> _Task goal_: In the material below, which lines hold the word "above"? Pick each one out.

> _Input data_:
_ _ _

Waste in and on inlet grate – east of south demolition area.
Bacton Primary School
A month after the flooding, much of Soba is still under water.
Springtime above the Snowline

_ _ _

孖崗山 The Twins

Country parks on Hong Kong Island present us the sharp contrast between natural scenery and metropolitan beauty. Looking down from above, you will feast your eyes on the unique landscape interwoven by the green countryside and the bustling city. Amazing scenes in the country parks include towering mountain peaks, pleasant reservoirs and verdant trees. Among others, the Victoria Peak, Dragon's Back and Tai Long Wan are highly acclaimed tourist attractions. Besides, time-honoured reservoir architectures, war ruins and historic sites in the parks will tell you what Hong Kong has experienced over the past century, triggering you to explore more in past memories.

_ _ _

> _Result of the task_:
Springtime above the Snowline
Country parks on Hong Kong Island present us the sharp contrast between natural scenery and metropolitan beauty. Looking down from above, you will feast your eyes on the unique landscape interwoven by the green countryside and the bustling city. Amazing scenes in the country parks include towering mountain peaks, pleasant reservoirs and verdant trees. Among others, the Victoria Peak, Dragon's Back and Tai Long Wan are highly acclaimed tourist attractions. Besides, time-honoured reservoir architectures, war ruins and historic sites in the parks will tell you what Hong Kong has experienced over the past century, triggering you to explore more in past memories.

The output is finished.